What trends do you expect to see during the 2019 general election?

Modi made great efforts to reach young voters in 2014, and I think the young cohort will be targeted this time too. Young millennials, born in the 2000s, will be able to vote in this election for the first time, and there’s a huge number of them.

I think we will see more polarisation among voters, and more attempts to use media to polarise. In the (2017) Uttar Pradesh state assembly election, WhatsApp groups were a large part of campaign machinery. At every level, party workers could activate people, who in turn activated a number of people within their neighbourhood. So there will be point people who will be given the responsibility of bringing people to booths and posting on WhatsApp groups.

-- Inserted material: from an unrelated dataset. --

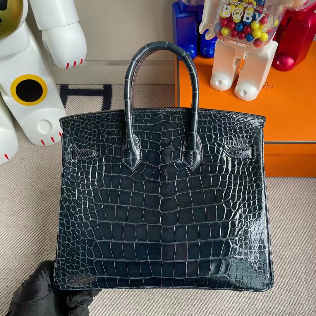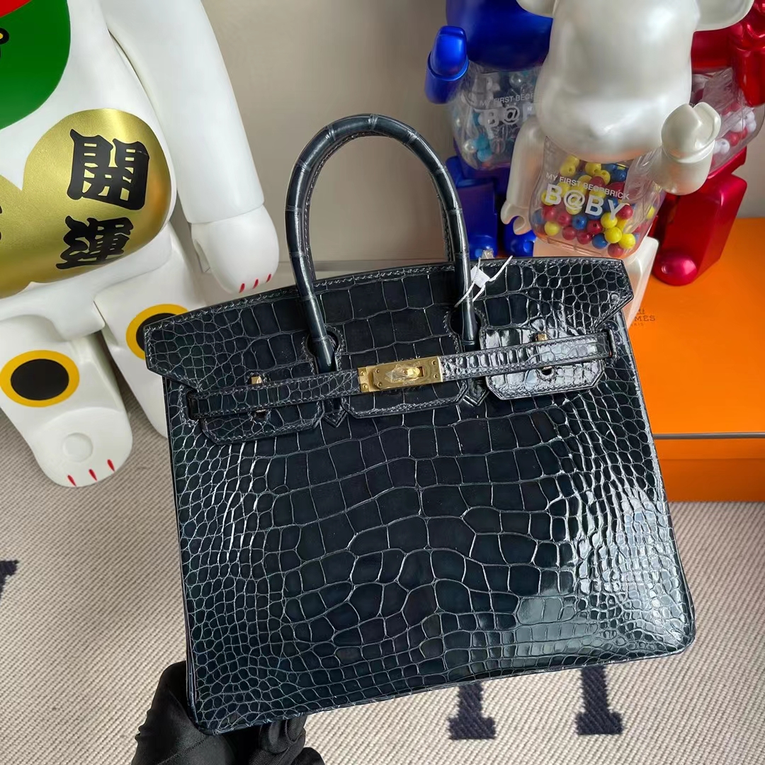 Birkin shiny alligator crocodile Ck76 Deep blue Gold buckle 25cm

We’re also going to see a lot more use of Instagram and other visual platforms. Images jump across literacy barriers. And young people don’t like to read too much, so if you can have a nice video or meme, it matters much more than three lines of text.

What do you expect mainstream media will do? 

I think they will stick with Modi as their best bet. The corporates who own the media will want their outlets to continue more or less along the editorial lines that they have already adopted. There may be some independent initiatives, but even those will have to hedge their bets. Meanwhile, the Congress, because of its vote base, will have to go slow on seeming gung ho about corporate India. It’s not as if they won’t be gung ho—if you look at their record, they’re as gung ho as the BJP in some ways. But they cannot project themselves in quite the same way.